Two Decent Ways to Protect Your WordPress Site
Protect Your WordPress Files and Database from Scripts
There are people who have nothing better to do with their time than go and try to break into WordPress pages and cause havoc. Here are two real easy ways of protecting your sites other than making a real difficult password.
1. Do not use the default name admin. The easiest way for someone to guess your password is to use a script that uses admin as the default administrative login name. Simply use another name. If you already have admin used then you can create a new administrator then take away the admin rights. I also use a tool to tell me how many times my site gets hit per day by people trying to use admin to login. I was shocked when I first read the report.
2. All database tables in WordPress have a naming scheme which makes it easy for scripts to alter the database through either mysql or php. When you’re configuring the wp-config.php file change the database prefix to something a little different than wp_ this will throw off the scripts looking for the default WordPress schema and throw them off their tracks.

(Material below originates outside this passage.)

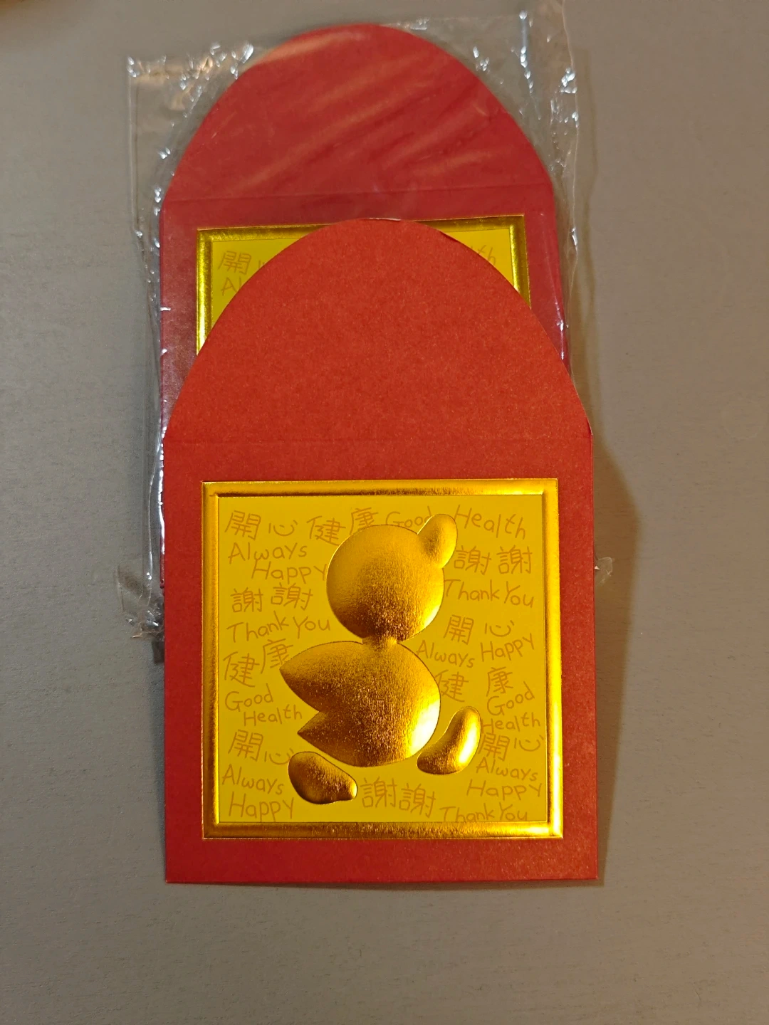 Red envelope with a golden duck🦆 design! The envelope has the words 'Good Health' and 'Thank You' written on it. Perfect for Lunar New Year!

There are other ways of protecting WordPress such as using htaccess to block certain countries or IPs from visiting your site. Of course then you take the risk of users from these sites not seeing your content, but if you will notice there are two very big countries who try to hack all the time or put irrelevant comments in your site and they usually come from very distinct blocks of IP addresses. If these are blocked then the problem is solved almost immediately.
There are many other ways of protecting your site, but these are probably the easiest and fastest to implement. It will save you hours of rebuilding your site.